**WHAT THE EXERCISE ASKS:**
Would you please write out only the lines running from the top of the listing through the one holding "Eight of Swords", exactly, with both ends kept and pictures left out?

**DATA SUPPLIED:**
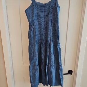 Elegant blue midi dress featuring a striped pattern and button-front. Perfect for casual wear.
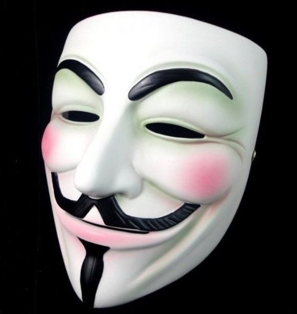 Maska Guy Fawkese (v poslední době notoricky známá spíše jako maska Anonymous) se poprvé objevila v komiksu a filmu V jako Vendetta. Dnes už zažitá jako symbol hnutí Anonymous. Anonymous je skupina hackerů, kteří o sobě dávají čím dál častěji vědět. Maska se prichycuje k obličeji gumkou. Nikde netlačí, ani nezavazí a jednoduše padne jako ulitá. Odskoušejte si nevšední zážitek při focení vašich narozenin, párty, svatby, plesu, rodinné či firemní oslavy atd.
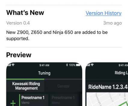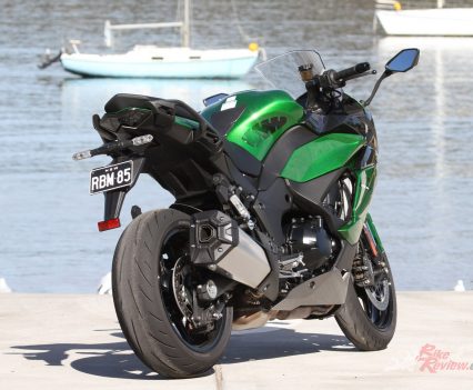 The 1043cc liquid-cooled in-line four-cylinder includes an Assist and Slipper clutch, and has an advanced electronics system derived from that found on the ZX-10R and includes the KCMF (Kawasaki Cornering Management Function), Kawasaki’s IMU-enhanced electronics package.
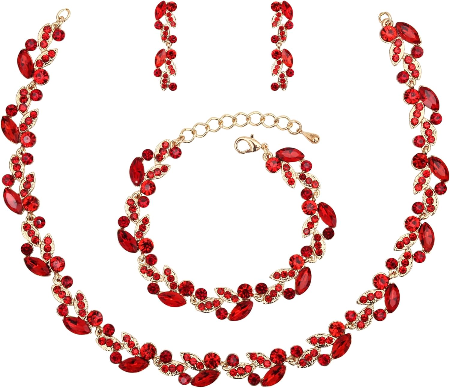QLLYHLH Woman’s Brides Bridesmaid Leaf Choker Necklace Dangle Earrings Link Bracelet Austrian Crystal Wedding Jewelry Set Prom Costume Party Events | Brides, Bridesmaid, Prom, Events, Costume Party, Leaf
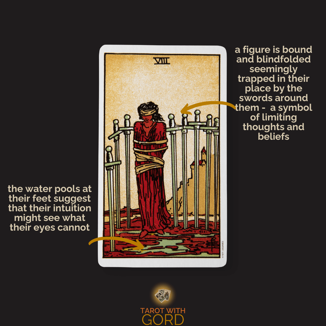 Eight of Swords points to feeling trapped, overwhelmed by your thoughts, and unable to see a way forward. The card urges you to recognise that the bondage is often self‑imposed. Freedom arrives when you challenge limiting beliefs and trust that your intuition will guide you out.
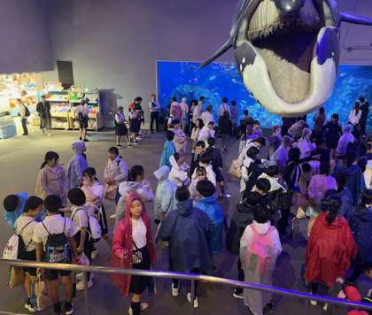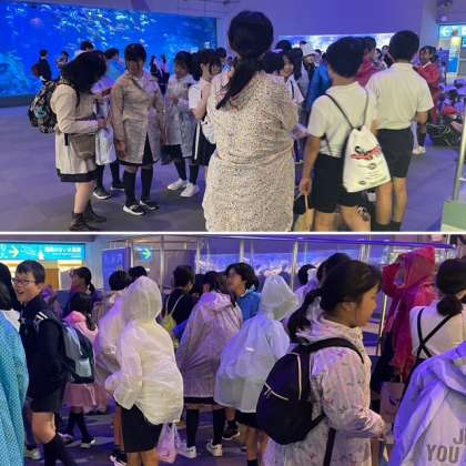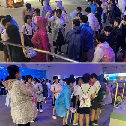 集合時刻となりました。各グループが次々とエントランスホールに集まってきます。外は雨が降っているため、バスの駐車場まで行く際に濡れないように、雨ガッパを着用しました。
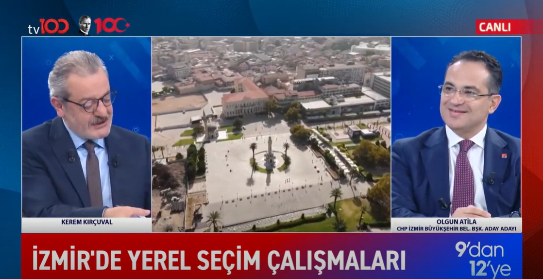 İzmir Büyükşehir Belediye Başkan Aday Adayı Olgun Atila; TV 100 ekranlarına yayınlanan 9’dan 12’ye programında Kerem Kırçuval’ın sorularını yanıtladı. ‘Kendi yaptığımız araştırmalarda da, sokaktan ve partimizden aldığımız güçle, İzmir’de en yüksek oyu alabilecek, adayda iş birliğini sağlayabilecek, toplumun bütün siyasi renklerini bir araya getirebilecek özelliğimiz ve ekibimiz olduğunu biliyoruz.’’ diyerek sözlerine başlayan Atila, neden İzmir Büyükşehir Belediyesi’ne aday olduğunu ‘’Sayın genel başkanımız Özgür Özel’in yoluna yoldaş olmak için yola çıktık. Bunun için geçmişteki birikimlerimizi, deneyimlerimizi, kendi ilçemizde yapmış olduğumuz özel projelerin daha iyilerini şimdi güzel İzmir’imize kazandırmak, İzmirli hemşerilerimizle ortak akılla yönetebilmek için aday olmaya karar verdik. ‘’ sözleri ile ifade etti. Bornova belediye başkanlığı döneminde yapılan anketlerde ‘En başarılı ilçe belediye başkanı’ gösterildiği halde aday olmadığını söyleyen Atila, partisine asla küsmeyip her zaman İzmir için daha çok çalışmaya devam ettiğini belirterek, Cumhuriyet Halk Partisi içindeki değişim hareketinin Türkiye’de bir değişim hareketine öncülük edeceğini ve kendisinin de bunun bir parçası olmaktan onur duyacağını dile getirdi.

**SOLUTION TO THIS EXERCISE:**
 Elegant blue midi dress featuring a striped pattern and button-front. Perfect for casual wear.
 Maska Guy Fawkese (v poslední době notoricky známá spíše jako maska Anonymous) se poprvé objevila v komiksu a filmu V jako Vendetta. Dnes už zažitá jako symbol hnutí Anonymous. Anonymous je skupina hackerů, kteří o sobě dávají čím dál častěji vědět. Maska se prichycuje k obličeji gumkou. Nikde netlačí, ani nezavazí a jednoduše padne jako ulitá. Odskoušejte si nevšední zážitek při focení vašich narozenin, párty, svatby, plesu, rodinné či firemní oslavy atd.
 The 1043cc liquid-cooled in-line four-cylinder includes an Assist and Slipper clutch, and has an advanced electronics system derived from that found on the ZX-10R and includes the KCMF (Kawasaki Cornering Management Function), Kawasaki’s IMU-enhanced electronics package.
QLLYHLH Woman’s Brides Bridesmaid Leaf Choker Necklace Dangle Earrings Link Bracelet Austrian Crystal Wedding Jewelry Set Prom Costume Party Events | Brides, Bridesmaid, Prom, Events, Costume Party, Leaf
 Eight of Swords points to feeling trapped, overwhelmed by your thoughts, and unable to see a way forward. The card urges you to recognise that the bondage is often self‑imposed. Freedom arrives when you challenge limiting beliefs and trust that your intuition will guide you out.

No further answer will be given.